◆ Extracted information ◆
══════════

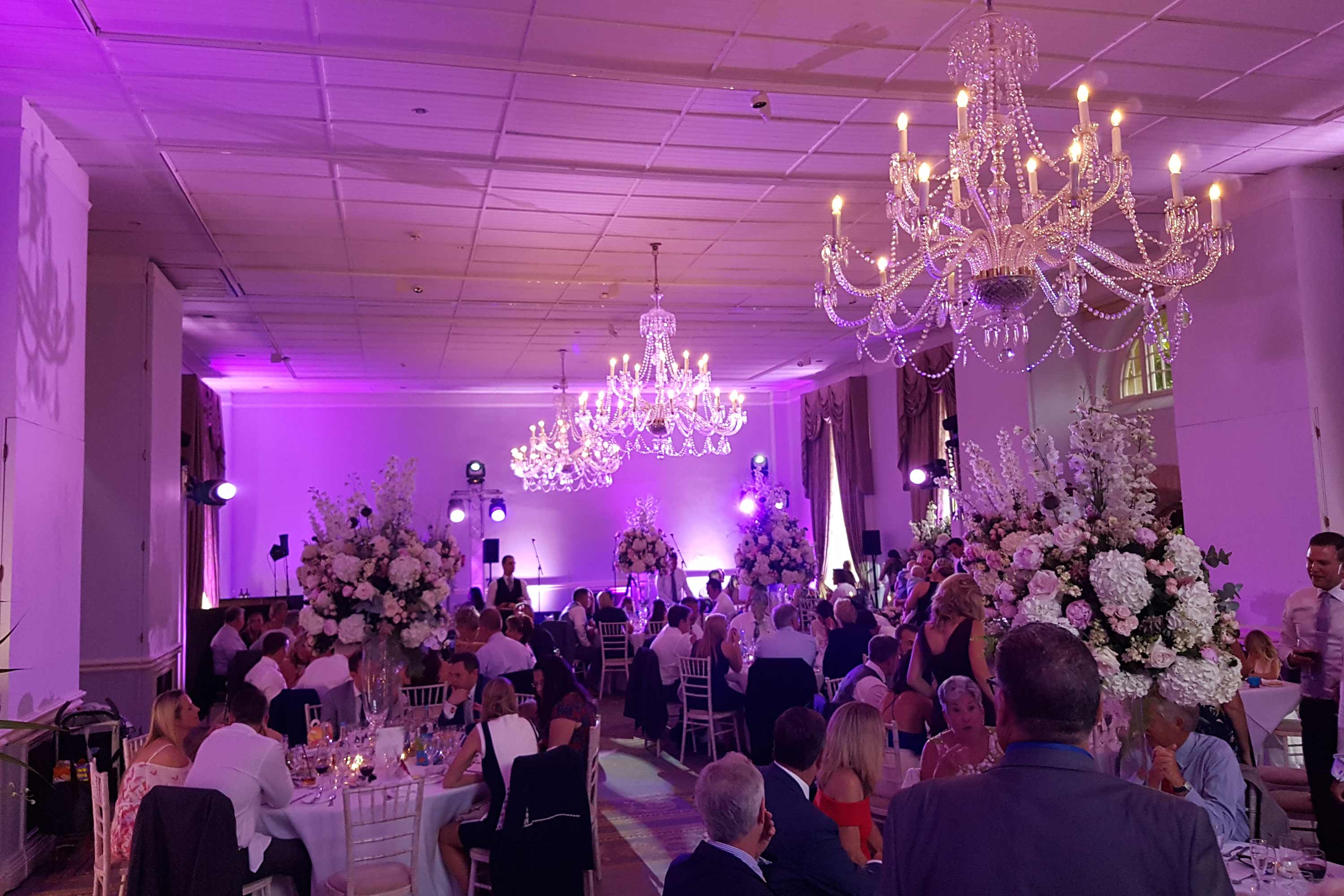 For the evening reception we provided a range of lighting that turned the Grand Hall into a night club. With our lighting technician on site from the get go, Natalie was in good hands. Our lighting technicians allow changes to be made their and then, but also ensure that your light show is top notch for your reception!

══════════

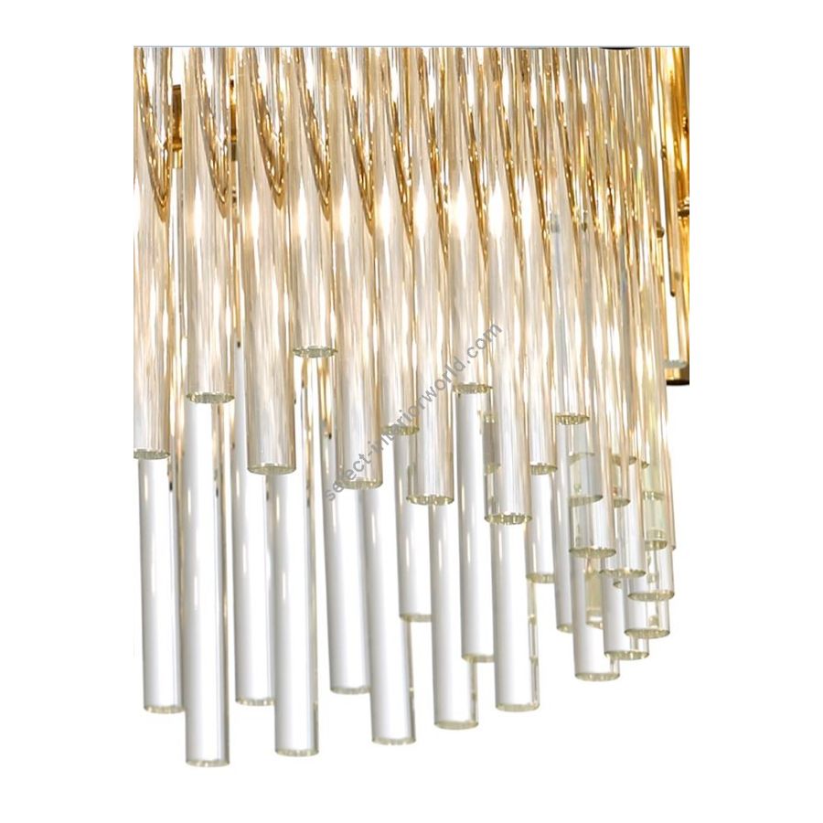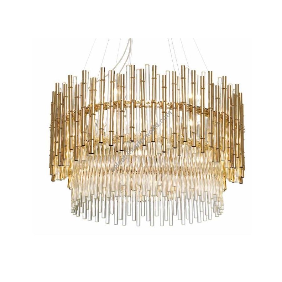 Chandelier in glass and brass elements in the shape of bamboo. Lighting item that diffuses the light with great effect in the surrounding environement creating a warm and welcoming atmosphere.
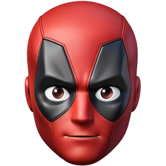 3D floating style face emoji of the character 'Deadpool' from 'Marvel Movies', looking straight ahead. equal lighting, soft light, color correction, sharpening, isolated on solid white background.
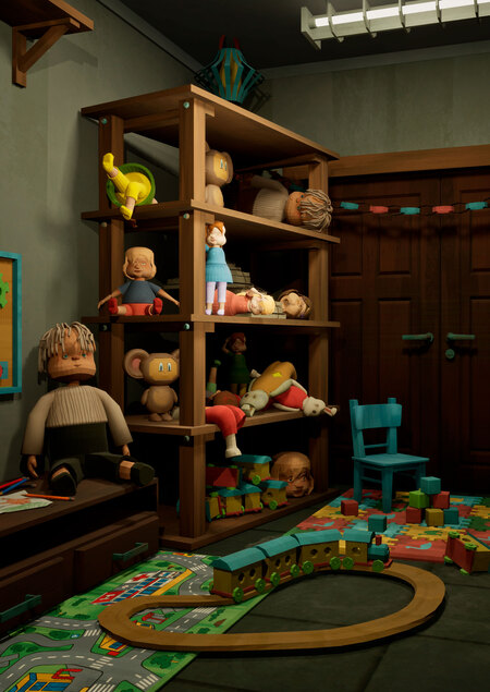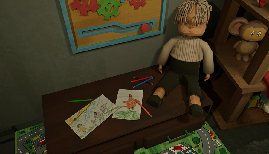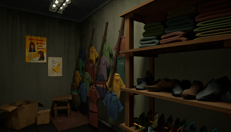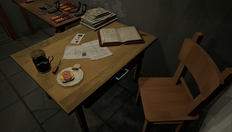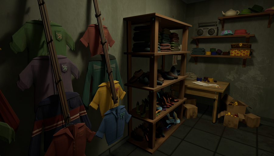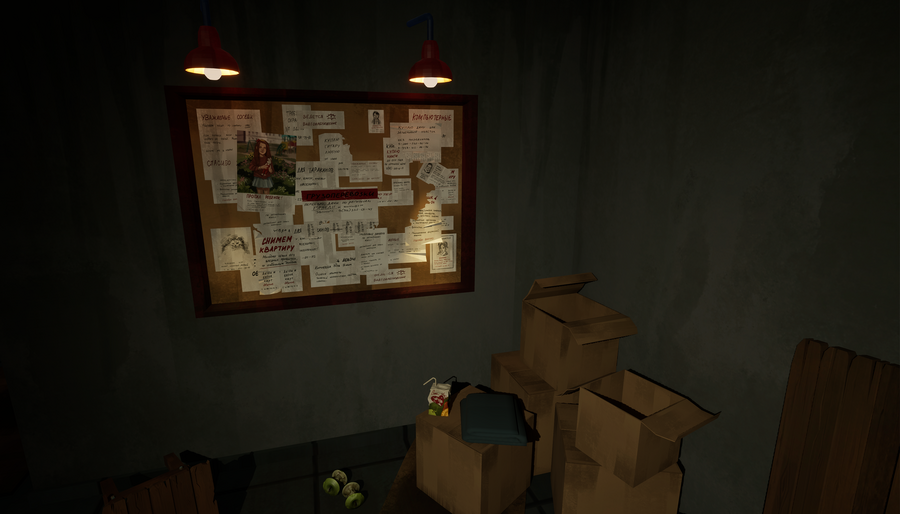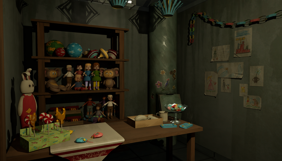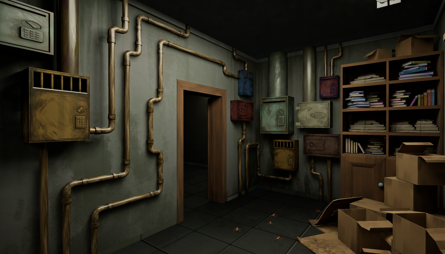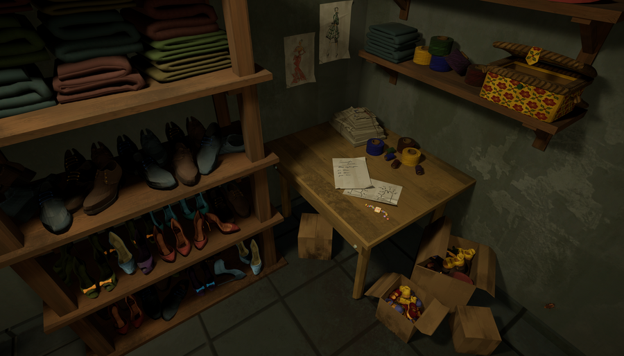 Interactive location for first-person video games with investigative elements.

══════════

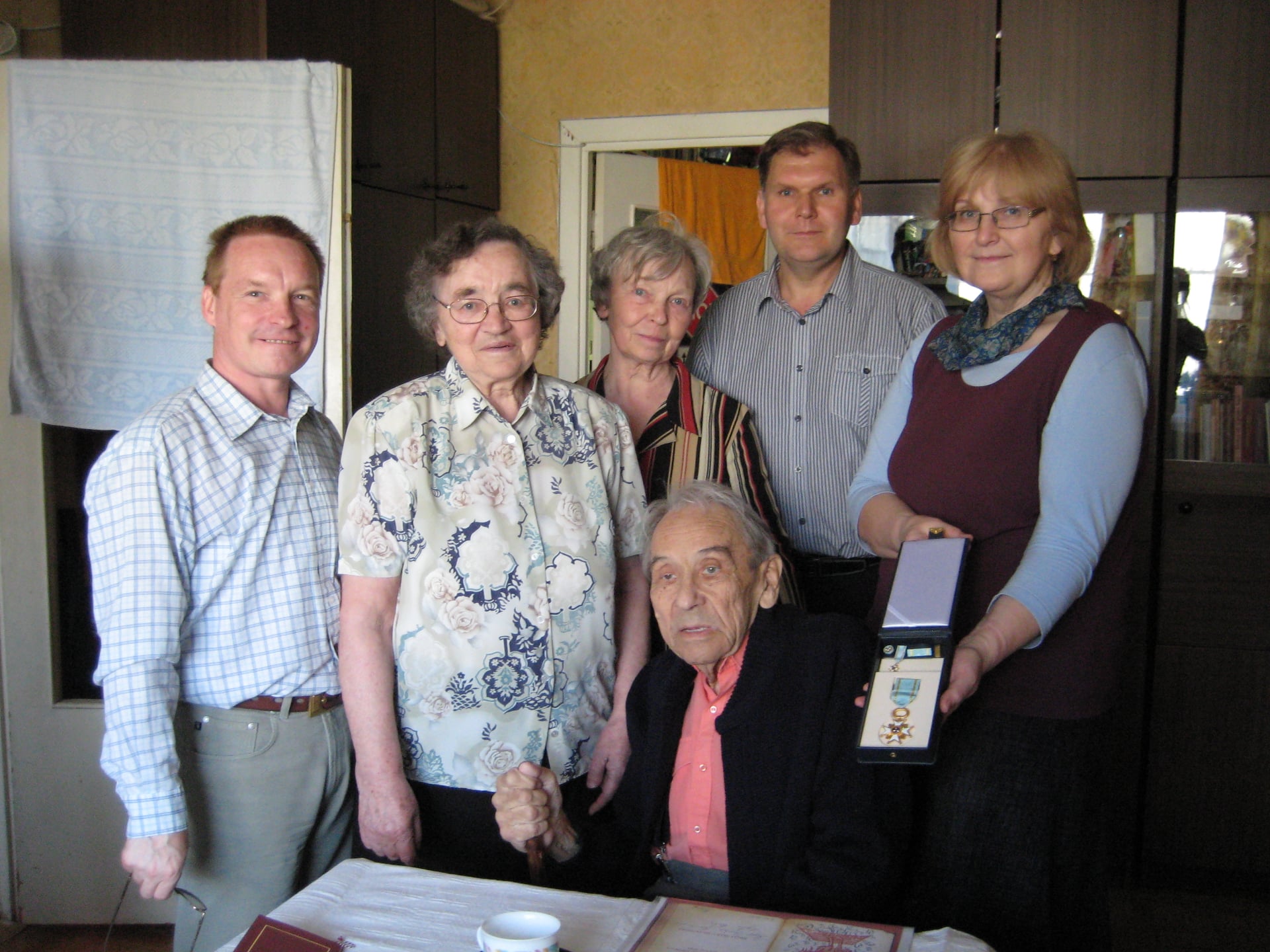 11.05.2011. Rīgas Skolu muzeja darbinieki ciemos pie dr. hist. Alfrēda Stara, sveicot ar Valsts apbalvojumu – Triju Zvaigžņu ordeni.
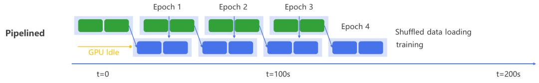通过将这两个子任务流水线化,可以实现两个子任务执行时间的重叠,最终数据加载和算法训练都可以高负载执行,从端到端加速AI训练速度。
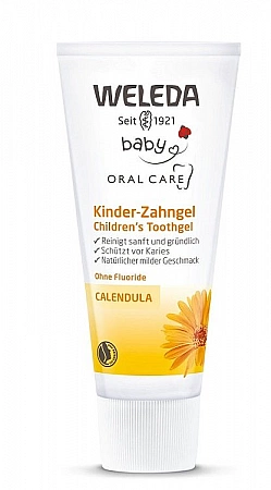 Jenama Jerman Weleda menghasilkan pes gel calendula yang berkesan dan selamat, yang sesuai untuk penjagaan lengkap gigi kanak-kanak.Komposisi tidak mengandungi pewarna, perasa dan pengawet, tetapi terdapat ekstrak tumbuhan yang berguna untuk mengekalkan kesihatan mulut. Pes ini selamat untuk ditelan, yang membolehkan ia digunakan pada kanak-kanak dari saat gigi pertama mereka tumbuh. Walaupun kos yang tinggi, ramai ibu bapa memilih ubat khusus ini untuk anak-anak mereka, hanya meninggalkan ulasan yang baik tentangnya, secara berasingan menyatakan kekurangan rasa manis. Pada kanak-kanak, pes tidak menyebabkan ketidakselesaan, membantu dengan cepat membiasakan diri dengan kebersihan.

══════════

◆ Try it ◆
From the records above, write out exactly the lines that begin at the line with "11.05.2011. Rīgas Skolu" and end at the line with "通过将这两个子任务流水线化,可以实现两个". Pictures must not appear in the output.

◆ Result for this exercise ◆
 11.05.2011. Rīgas Skolu muzeja darbinieki ciemos pie dr. hist. Alfrēda Stara, sveicot ar Valsts apbalvojumu – Triju Zvaigžņu ordeni.
通过将这两个子任务流水线化,可以实现两个子任务执行时间的重叠,最终数据加载和算法训练都可以高负载执行,从端到端加速AI训练速度。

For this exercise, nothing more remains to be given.